This is nothing like I thought it would be in high school. I envied the lives of Kurt Cobain and Elliott Smith-- to the point where I blew coke and pain pills; drank cheap bum wines and malt liquor and would romance the idea that I was living as an artist. I couldn't cope with the normal run of the mill life that every 13 year old was jogging along with, so instead I took my mother's pink bic razor and burnt the bottom off of it. I had heard a girl in 7th grade tell me how she'd done this, and I thought it would be a good idea. The plastic dripped onto my leg and I clasped my fists together-- one around the razor, the other around the lighter. When I cut my wrist, blood didn't come right away. Instead, the sway red and gray wound felt awkward like a paper cut, and I had wished I didn't feel that way anymore. I continued to cut my wrists occasionally, but turned to something more gratifying-- like punching my temples.

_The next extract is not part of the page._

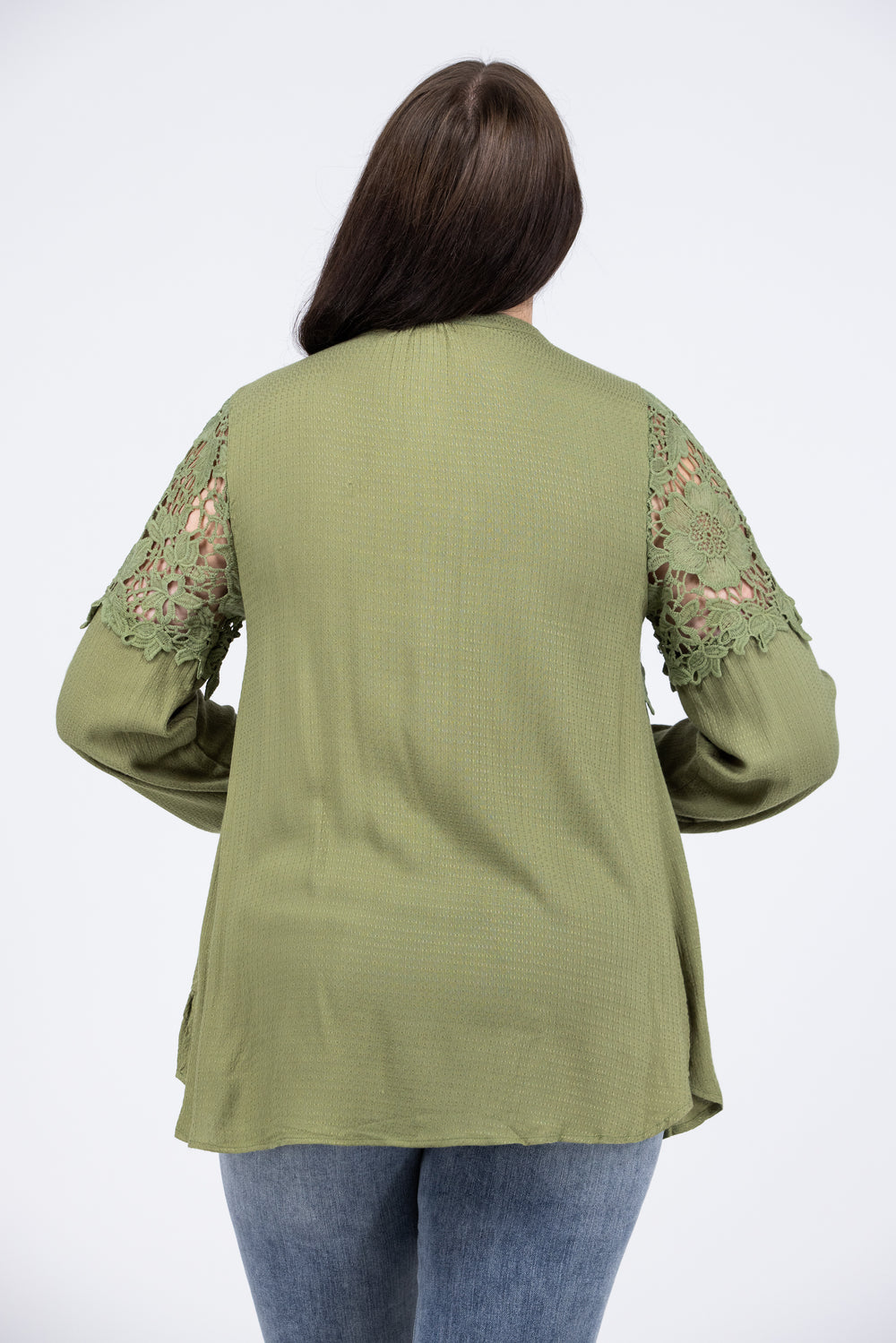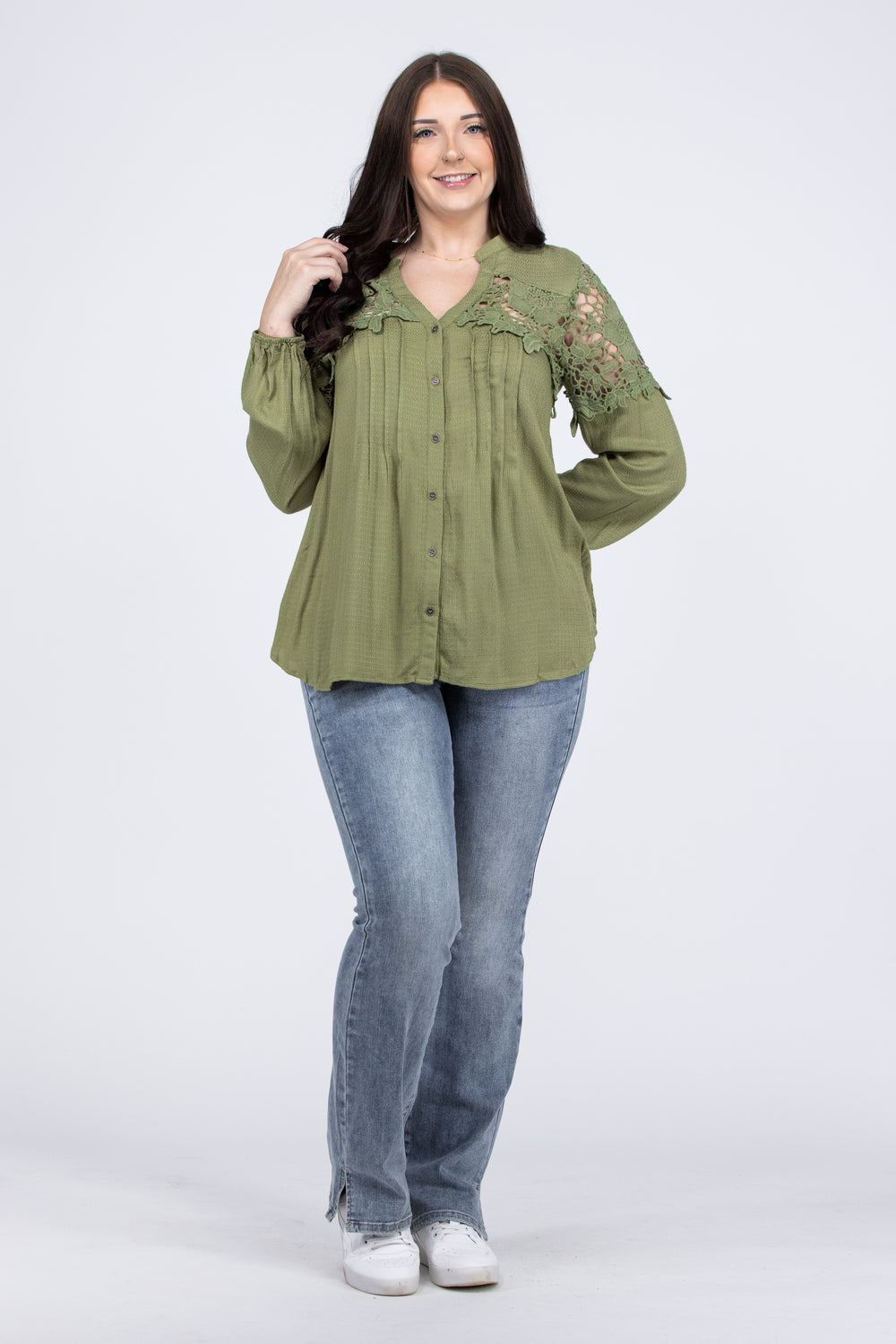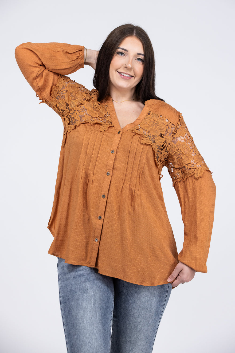 I definitely have my eyes on the Eyes On You Top by Heyson! It is a beautiful long sleeves top with peek-a-boo crochet detailing on the check and arms. The full front button closure means you can wear this top open or closed for different looks! It also features elastic puff sleeves and a round hemline! The fabric has square detailing that adds a subtle accent to this top!

I suffered from migraines, so this didn't help at all either. When I was 9 years old I tried to hang myself from my older brother's top bunk on our bunk bed with a belt that I wrapped around the bed post. When I woke on the floor, I started crying from a spell that would last around three days. Everything made me sad-- my dog, whom I had embarassingly hurt by throwing a ball just out of the reach of the links of the chain wrapped around the tree in the back yard where my family was having some barbeque or get together. My uncle yelled at me, and I went to my room and pretended to go to sleep. I was deathly afraid at this time of being possessed by the devil-- and by ghosts and demons being underneathe my bed, so I would say a thirty minute prayer, including not to let our house burn down, in case I had left the clothes too close to the burner in the laundry room, indubitably.
These thoughts went away the first time I drank at a punk show when I was 12. I tried fighting one of my friends who had pushed me. I became defensive and jealous over anything that was mine and especially the things that I wanted to be mine-- or thought would be in a matter of time. My mannerisms were awkward-- my hair was long and I was overweight. I was a tragic looking sloppy kid who would pick his clothes from a spectrum of shadows. Everything was draped in black, and I would colour my finger nails black to match my black eyeliner. The bands, however were my friends who would write these lyrics to me. From this point, the room spun its first spin and I picked up a pen so as to never stop writing.